De rechtbank ging verder in op de vraag of de functies die aan het bestreden besluit ten grondslag lagen, passend waren voor eiseres. Eiseres had aangevoerd dat de functies niet passend waren vanwege de bijzondere belasting die in de functieomschrijving werd vermeld. De rechtbank oordeelde dat, indien betrokkene op een bepaald aspect niet beperkt werd geacht, de verweerder er in beginsel vanuit mocht gaan dat de functie op dat aspect de belastbaarheid van betrokkene niet te boven ging. Echter, de rechtbank erkende dat er uitzonderingen mogelijk zijn, vooral als de bijzondere belasting in de functieomschrijving aanzienlijk boven de normaalwaarde uitgaat.

Uiteindelijk oordeelde de rechtbank dat het bestreden besluit vernietigd moest worden wegens strijd met artikel 7:12 van de Algemene wet bestuursrecht (Awb). De rechtbank veroordeelde het UWV in de proceskosten van eiseres en bepaalde dat het UWV het door eiseres betaalde griffierecht moest vergoeden. De rechtbank gaf aan dat het UWV bij de nieuw te nemen beslissing op bezwaar rekening moest houden met de opmerkingen die tijdens de zitting waren gemaakt.

Uitspraak

RECHTBANK ARNHEM
Sector bestuursrecht
registratienummer: AWB 06/5935
uitspraak ingevolge artikel 8:77 van de Algemene wet bestuursrecht (Awb)
van 8 april 2008
inzake
[A], eiseres,
wonende te [woonplaats], vertegenwoordigd door mr. A. Faber-Speksnijder,
tegen
de Raad van bestuur van het Uitvoeringsinstituut werknemersverzekeringen (UWV), verweerder.
1. Aanduiding bestreden besluit
Besluit van verweerder van 10 oktober 2006.
2. Procesverloop
Bij besluit van 4 april 2006 heeft verweerder aan eiseres meegedeeld dat haar uitkering ingevolge de Wet op de arbeidsongeschiktheidsverzekering (WAO), die op dat moment werd berekend naar een mate van arbeidsongeschiktheid van 80 tot 100 %, per 1 juni 2006 wordt ingetrokken.

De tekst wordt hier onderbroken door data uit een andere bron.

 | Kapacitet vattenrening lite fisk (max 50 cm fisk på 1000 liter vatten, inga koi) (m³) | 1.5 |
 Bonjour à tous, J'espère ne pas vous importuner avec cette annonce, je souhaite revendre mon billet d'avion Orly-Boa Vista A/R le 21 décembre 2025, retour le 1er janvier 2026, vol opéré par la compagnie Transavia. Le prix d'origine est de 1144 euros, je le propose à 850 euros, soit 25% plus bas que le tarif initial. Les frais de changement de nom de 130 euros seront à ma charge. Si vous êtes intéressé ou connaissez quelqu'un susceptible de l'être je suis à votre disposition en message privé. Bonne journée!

Bij het onder 1 aangeduide besluit heeft verweerder het gemaakte bezwaar ongegrond verklaard en het besluit van 4 april 2006 gehandhaafd.

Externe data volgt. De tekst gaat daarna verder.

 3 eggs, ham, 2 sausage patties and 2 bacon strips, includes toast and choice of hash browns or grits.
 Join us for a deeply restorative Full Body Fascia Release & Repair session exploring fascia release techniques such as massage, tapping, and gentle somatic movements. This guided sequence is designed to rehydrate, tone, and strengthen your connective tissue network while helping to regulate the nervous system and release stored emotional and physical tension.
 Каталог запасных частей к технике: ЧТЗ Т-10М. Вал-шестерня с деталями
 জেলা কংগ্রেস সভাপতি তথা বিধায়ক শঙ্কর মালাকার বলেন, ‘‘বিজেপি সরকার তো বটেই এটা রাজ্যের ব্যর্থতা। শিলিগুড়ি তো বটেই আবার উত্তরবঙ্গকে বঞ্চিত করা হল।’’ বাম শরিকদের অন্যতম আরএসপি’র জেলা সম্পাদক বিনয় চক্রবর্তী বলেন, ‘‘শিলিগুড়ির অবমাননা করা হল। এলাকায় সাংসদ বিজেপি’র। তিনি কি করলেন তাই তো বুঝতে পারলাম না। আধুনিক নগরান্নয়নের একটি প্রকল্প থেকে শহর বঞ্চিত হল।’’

Tegen het onder 1 aangeduide besluit is beroep ingesteld en door verweerder is een verweerschrift ingediend. Naar deze en de overige door partijen ingebrachte stukken wordt hier kortheidshalve verwezen.
Het beroep is behandeld ter zitting van de rechtbank van 3 maart 2008. Eiseres is aldaar –zoals tevoren bericht- niet verschenen. Verweerder heeft zich doen vertegenwoordigen door A.J.L. van Klaveren-Drost, werkzaam bij het UWV.
3. Overwegingen
Arbeidsongeschikt in de zin van de WAO is, kort weergegeven, degene die op medische gronden naar objectieve maatstaven gemeten niet in staat is om met algemeen geaccepteerde arbeid meer dan 85% te verdienen van het inkomen dat een met hem of haar wat betreft opleiding en arbeidservaring vergelijkbare gezonde persoon (de maatman) kan verwerven.
Verweerder dient daartoe vast te stellen welke medische beperkingen betrokkene heeft en welke algemeen geaccepteerde arbeid betrokkene, rekening houdend met die beperkingen, kan verrichten. Om de mate van arbeidsongeschiktheid te bepalen moet vervolgens een vergelijking worden gemaakt tussen het inkomen dat de betrokkene met algemeen geaccepteerde arbeid kan verdienen en het maatgevende inkomen.
Verweerder heeft zich bij het bestreden besluit gebaseerd op de beschikbare medische
gegevens, waaronder de rapporten van de verzekeringsarts P.R.S. Baidjoe van 21 december 2005 en de bezwaarverzekeringsarts E.J.M. van Paridon van 28 augustus 2006/ 6 september 2006.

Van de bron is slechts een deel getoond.